▶ **Directions**:
When you copy the listing, skip the images and return each line verbatim.

▶ **Information shown**:
....
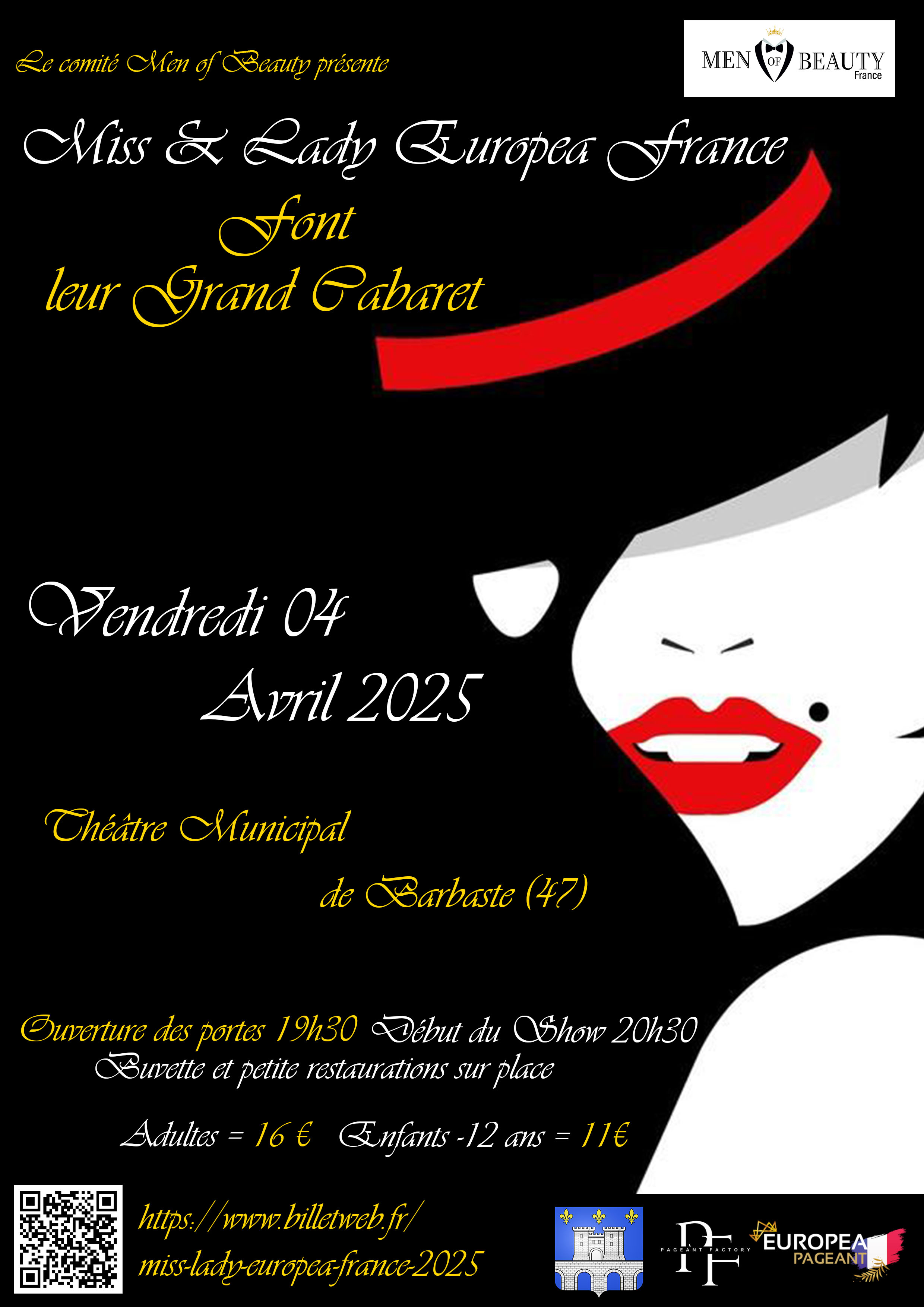 Venez assister à Miss et Lady Europea France 2025 qui se tiendra le vendredi 4 avril 2025.
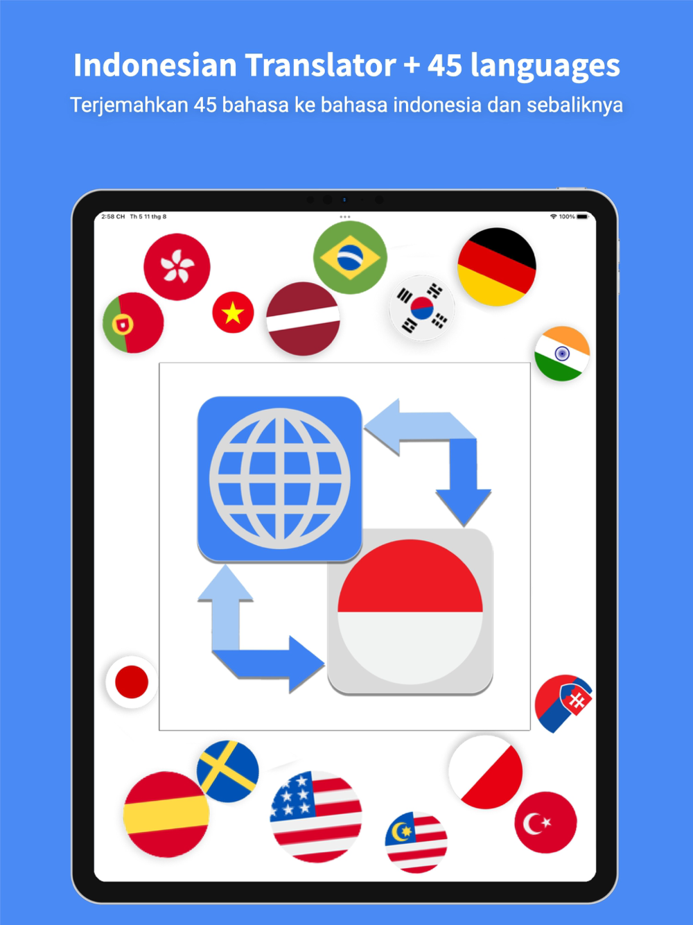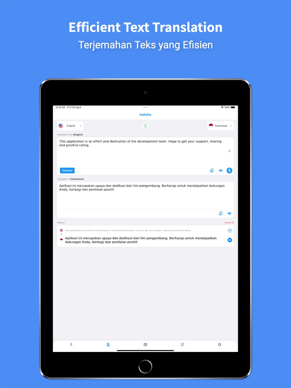 Hi ! IndoGo is the leading indonesian Translator with a lot of outstanding features such as accurate voice translator, translate any text in 45 languages to indonesian or indonesian to any language such as: English, Korean, German, Japanese, Vietnamese, French, etc and extremely useful photo translating feature or learn indonesian more easily.
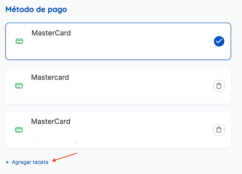 En esta parte también puedes actualizar la tarjeta predeterminada para los pagos de tu suscripción haciendo clic en la tarjeta que deseas establecer como predeterminada
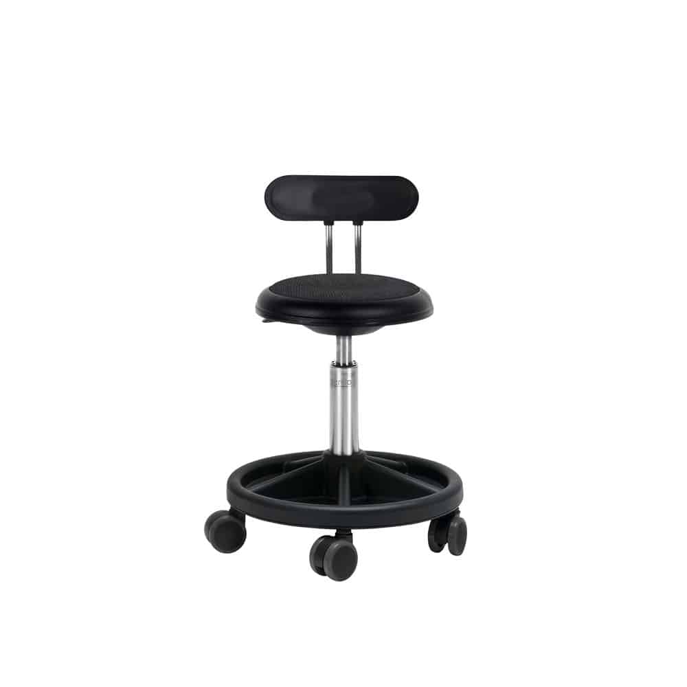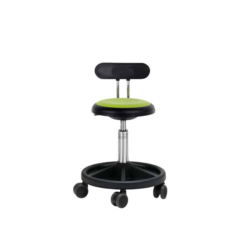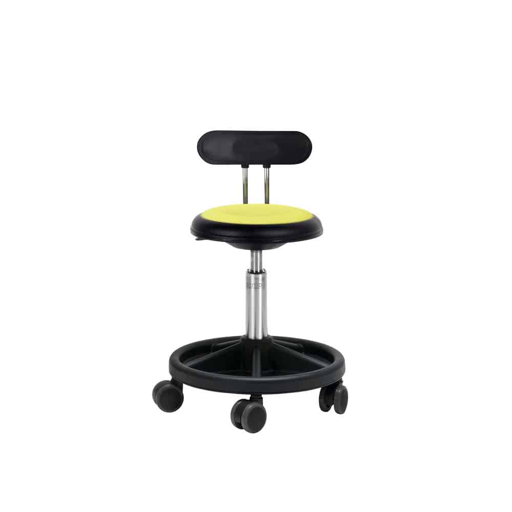 Die Sitzhöhe ist in mehreren Varianten von 30 cm. – 48 cm. und 66 cm. mit Gleiter erhältlich. New Ufo wird mit 3 verschiedenen Radtypen angeboten: herkömmlichen Rollen, Rollen mit weichem Profil, mit Lastabhängige bremsenrädern und Gleiter.
....
▶ **Response to the task**:
 Venez assister à Miss et Lady Europea France 2025 qui se tiendra le vendredi 4 avril 2025.
 Hi ! IndoGo is the leading indonesian Translator with a lot of outstanding features such as accurate voice translator, translate any text in 45 languages to indonesian or indonesian to any language such as: English, Korean, German, Japanese, Vietnamese, French, etc and extremely useful photo translating feature or learn indonesian more easily.
 En esta parte también puedes actualizar la tarjeta predeterminada para los pagos de tu suscripción haciendo clic en la tarjeta que deseas establecer como predeterminada
 Die Sitzhöhe ist in mehreren Varianten von 30 cm. – 48 cm. und 66 cm. mit Gleiter erhältlich. New Ufo wird mit 3 verschiedenen Radtypen angeboten: herkömmlichen Rollen, Rollen mit weichem Profil, mit Lastabhängige bremsenrädern und Gleiter.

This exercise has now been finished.